**Exercise aim**
What is needed is a word-for-word copy of the lines below from the one with "4. Берем одну" through the one with "此轴笔法沉厚浑朴,笔力雄健,线条粗细富于", both included, with every picture left out.

**Provided data**
>>>

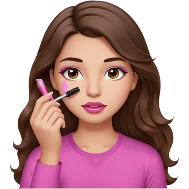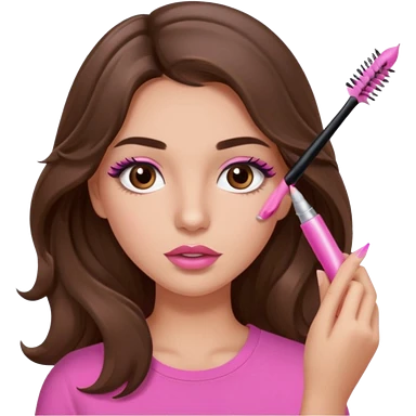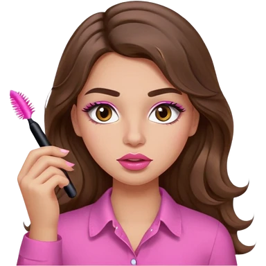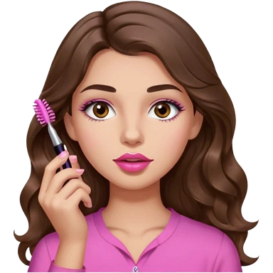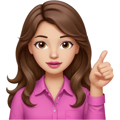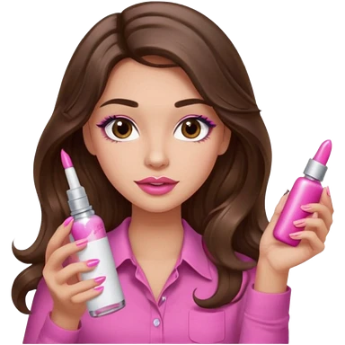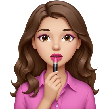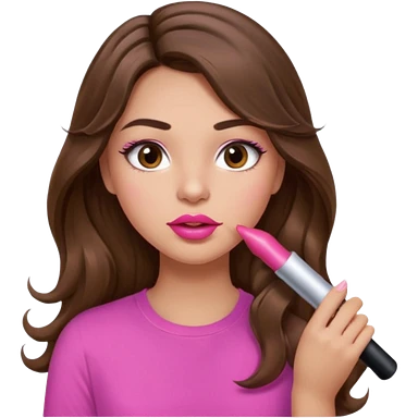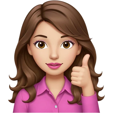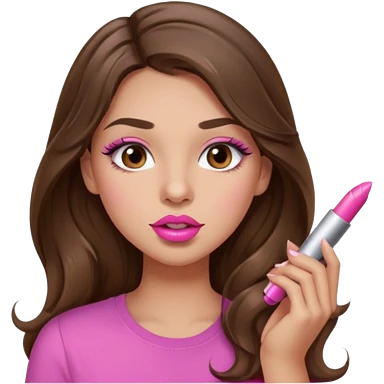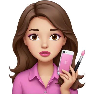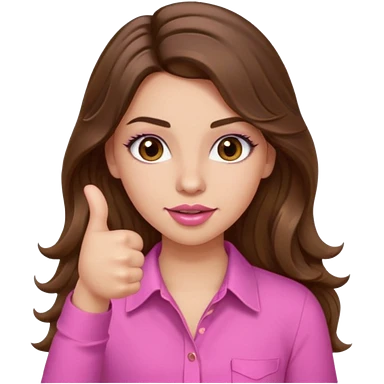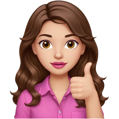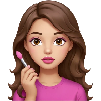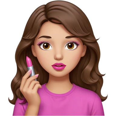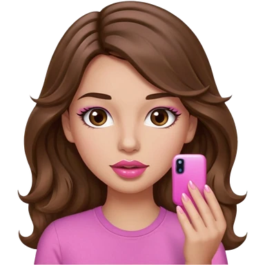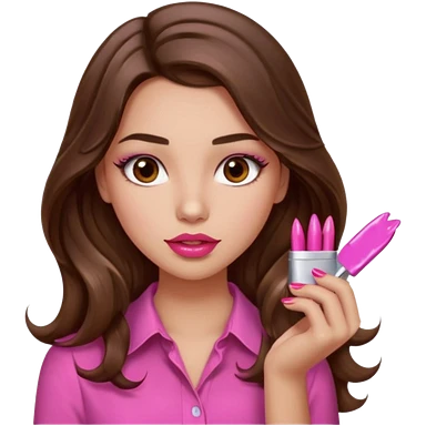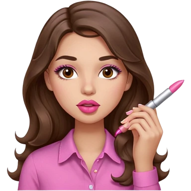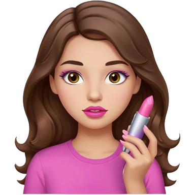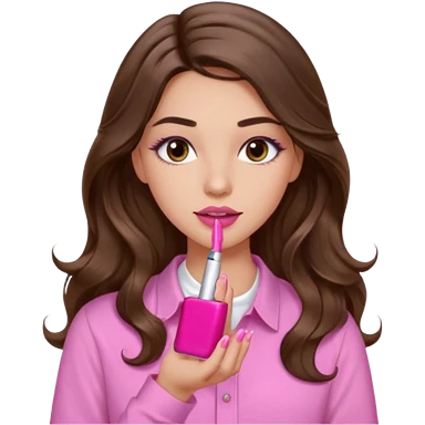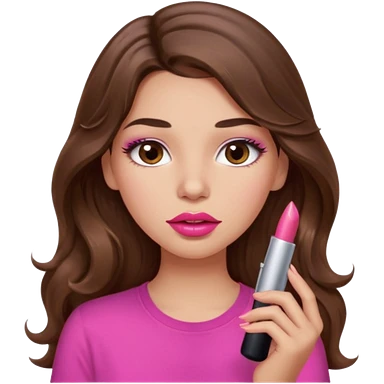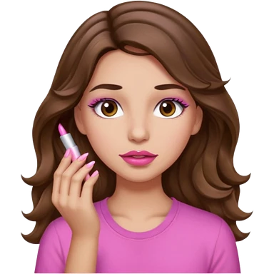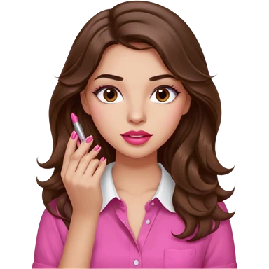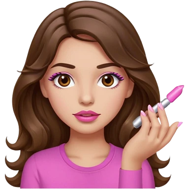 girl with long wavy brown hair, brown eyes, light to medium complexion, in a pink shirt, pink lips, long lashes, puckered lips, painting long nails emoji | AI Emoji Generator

<<<
>>>

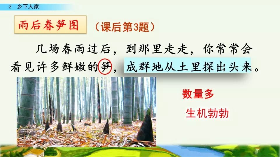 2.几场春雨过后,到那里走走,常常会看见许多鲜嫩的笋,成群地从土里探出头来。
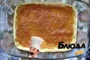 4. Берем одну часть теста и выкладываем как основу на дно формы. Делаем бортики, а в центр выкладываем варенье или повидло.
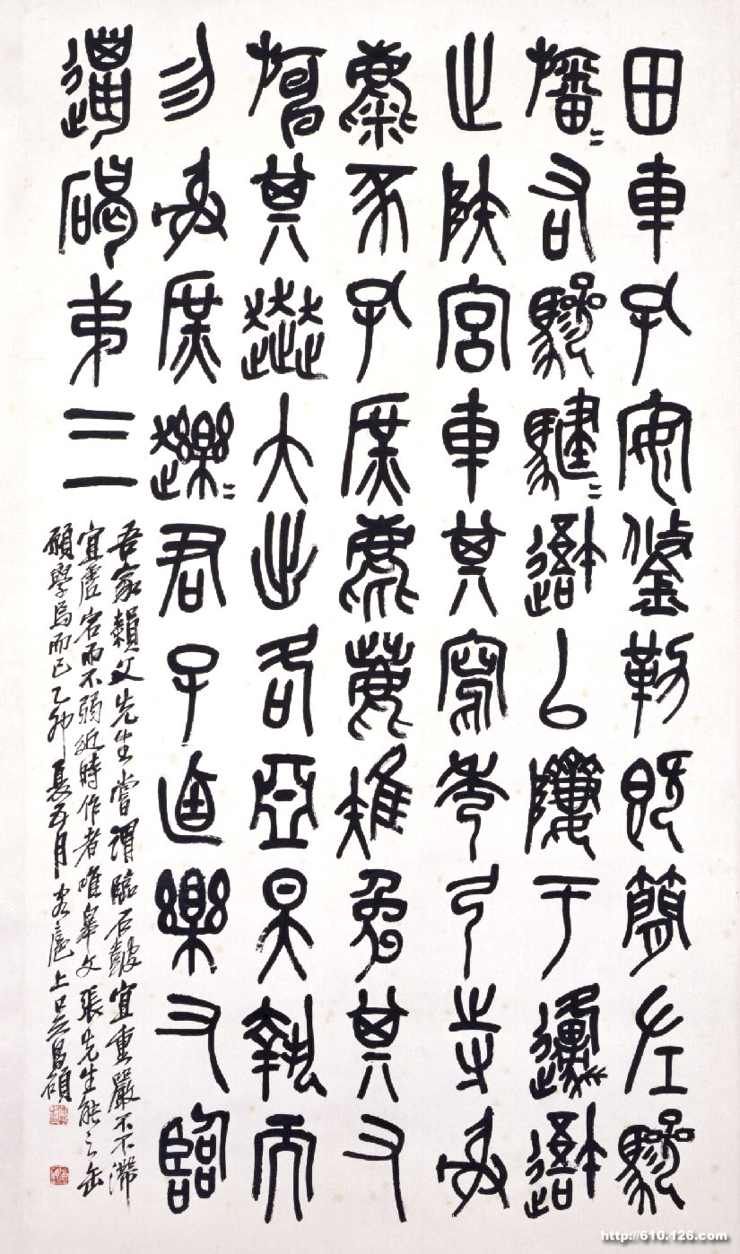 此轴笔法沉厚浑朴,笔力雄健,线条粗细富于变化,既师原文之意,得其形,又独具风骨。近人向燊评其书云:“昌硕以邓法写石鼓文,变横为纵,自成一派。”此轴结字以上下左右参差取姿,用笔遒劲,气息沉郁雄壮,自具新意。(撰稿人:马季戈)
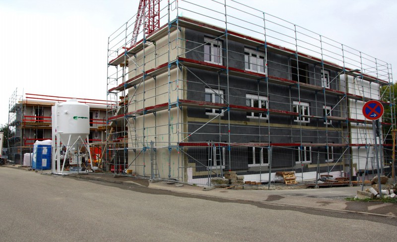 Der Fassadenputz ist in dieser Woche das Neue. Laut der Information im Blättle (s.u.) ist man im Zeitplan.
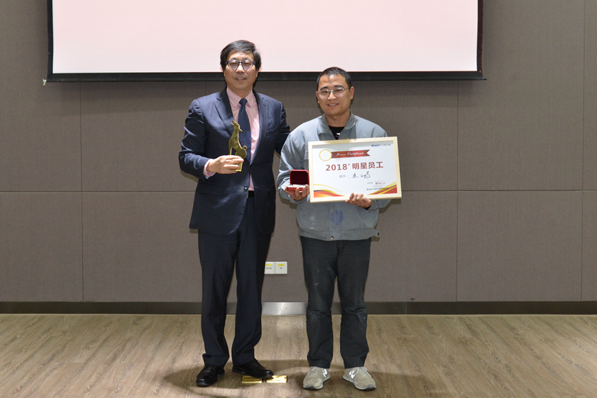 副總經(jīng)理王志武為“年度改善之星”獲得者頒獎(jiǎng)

<<<
>>>

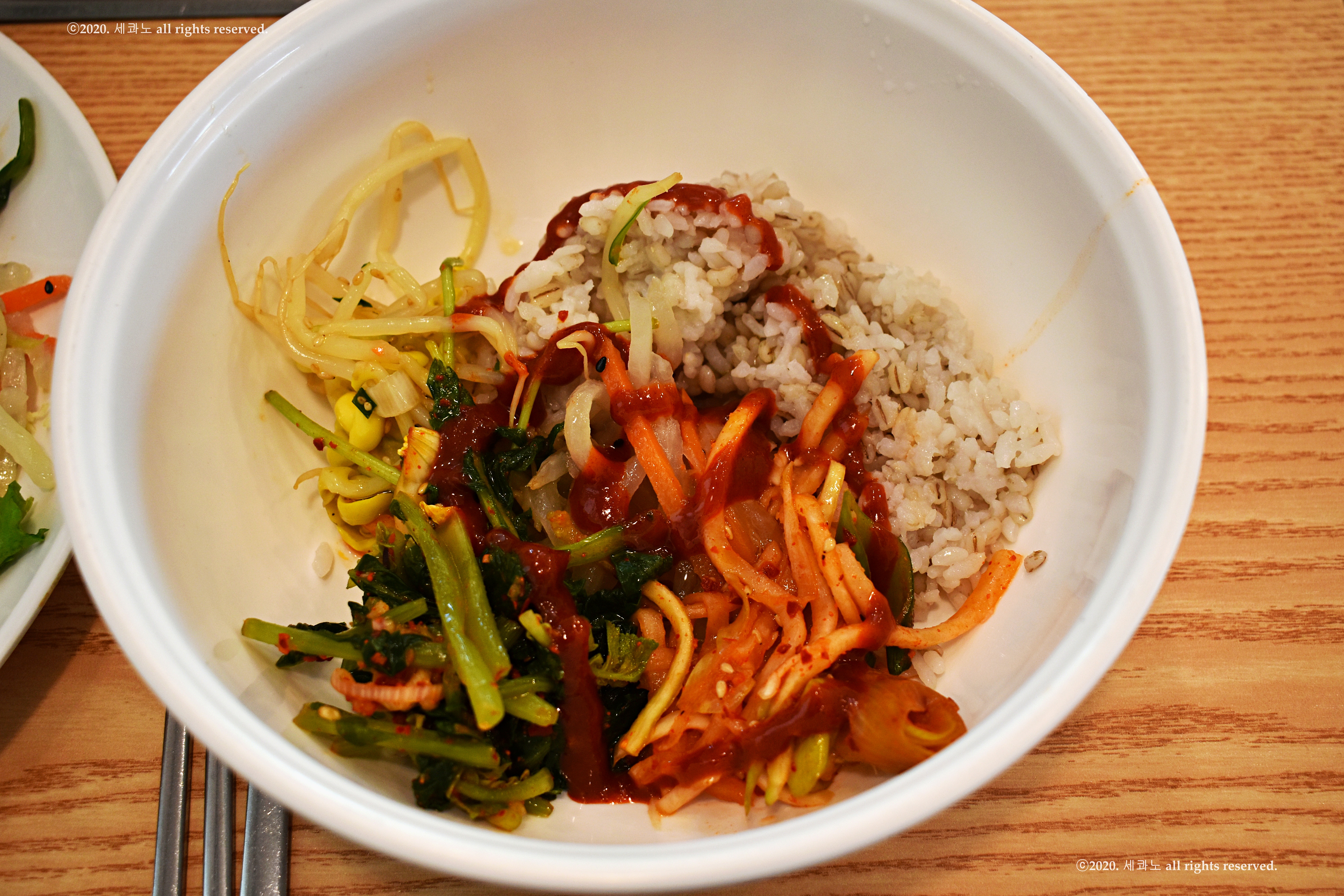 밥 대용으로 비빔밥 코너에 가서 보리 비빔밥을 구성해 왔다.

<<<

**Result for this exercise**
 4. Берем одну часть теста и выкладываем как основу на дно формы. Делаем бортики, а в центр выкладываем варенье или повидло.
 此轴笔法沉厚浑朴,笔力雄健,线条粗细富于变化,既师原文之意,得其形,又独具风骨。近人向燊评其书云:“昌硕以邓法写石鼓文,变横为纵,自成一派。”此轴结字以上下左右参差取姿,用笔遒劲,气息沉郁雄壮,自具新意。(撰稿人:马季戈)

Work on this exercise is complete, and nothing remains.